The second thing you need to know is how the story will end. Now, Stephen King has famously said that knowing how your story ends is like having the icing before eating the cake, but I don’t think this is good advice. All writing should be adding momentum toward a specific conclusion; stories are, after all, mutable, and must end sometime and somehow. If you don’t know how your story is going to end, then you don’t really know what your story is about.

Knowing how your story will end gives you a direction to face while you are writing. 

All scenes, dialogue, and plot points can now be oriented toward taking the characters from an original state to an end state. 

Photo by Chris Lawton on Unsplash

As stories are about change, knowing how change will occur — in the environment, in the societies, in the individuals — will better guide each scene as you write them. 

Additionally, it’s easier to analyze whether a scene is important or not if you know how far along the story’s journey it is — and you can’t know that unless you know how the journey ends.

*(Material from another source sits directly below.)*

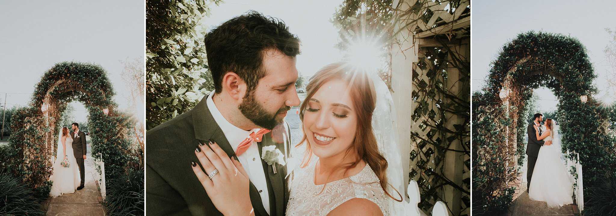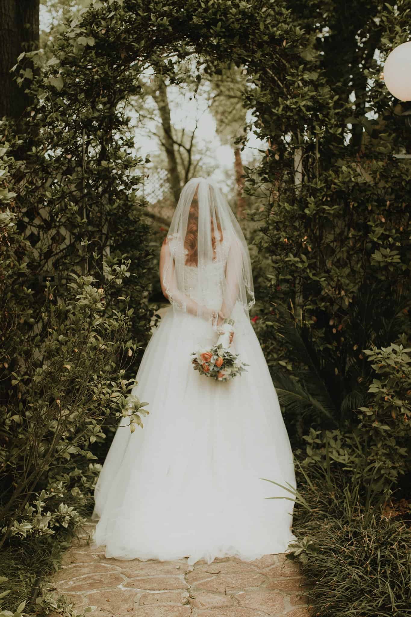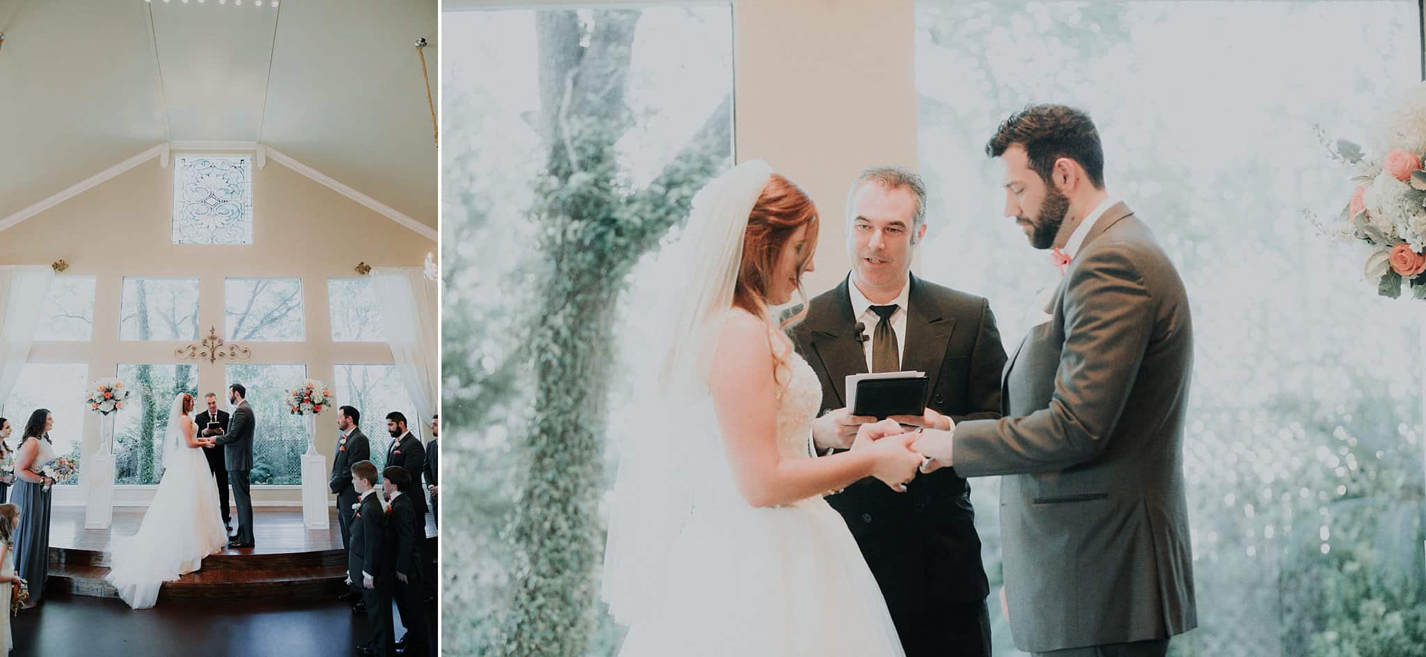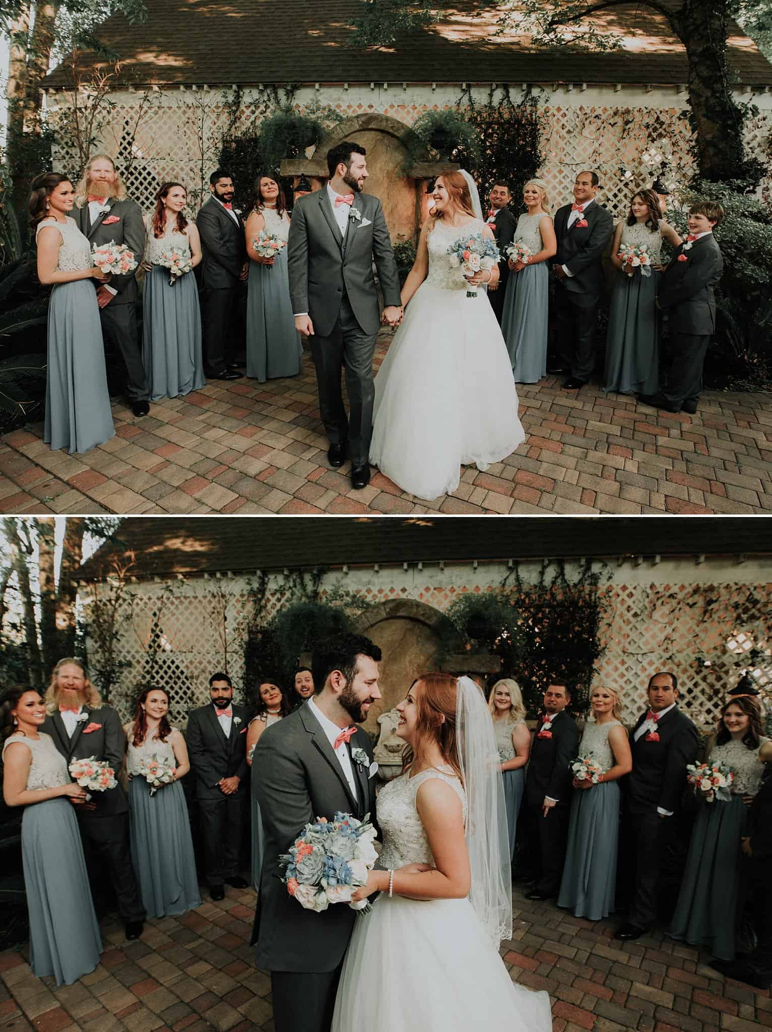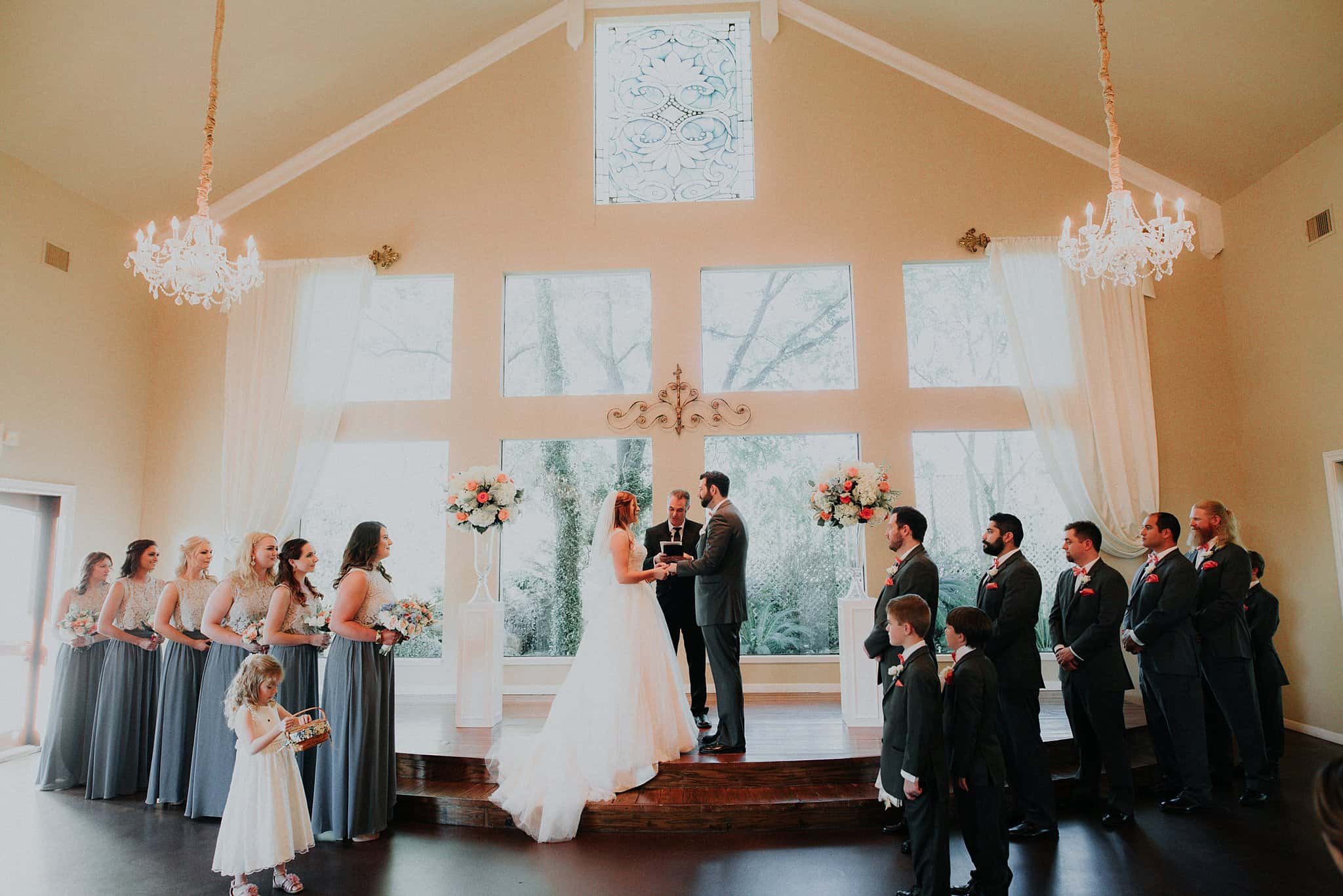 Caitlin got ready in her own bridal suite next to the ceremony chapel, while Austin had his own groom’s suite in the upstairs of a cute little building next door. They had total privacy with the entire venue and even though it is on a street in Conroe, it makes it feel like you’re in the middle of no where in your own Italian paradise. Around every corner is another whimsical detail. Caitlin gave Austin a watch before their ceremony, as well as a bridal portrait later during the reception. Austin gave her a beautiful box with sweet treasures inside. The ceremony was beautiful and afterwards we did couple formals as the sun set over the gardens. Friends and family celebrated throughout the night, being greeted by a polaroid guestbook, endless wine and snacks, a gorgeous dinner buffet that stretched out all throughout the side of the reception room. In the middle of the dance floor was a stunning water fountain that made it feel all the more Italian-esque.

You might think that knowing how the story ends is detrimental to your creativity. I promise it’s not. It just takes practice getting into your characters’ heads in the moment they are currently in. 

Think of it like being an actor: you’ve already read the script; you know how the story ends; you know what will ultimately happen to your character. 

Armed with this knowledge, you can now perform in ways that offer contrast, irony, hypocrisy, and metaphor throughout the story. These are the tools of a great actor as much as they are the tools of a master storyteller. 

Finally, if you know how the story ends, you can write a better first draft.

The next time you come up with a concept for a story, challenge yourself to work on the ending. How could you provide an emotionally adventurous closure to the premise that you have created? 

Figure out where you want to end up, then you can focus on enjoying the journey.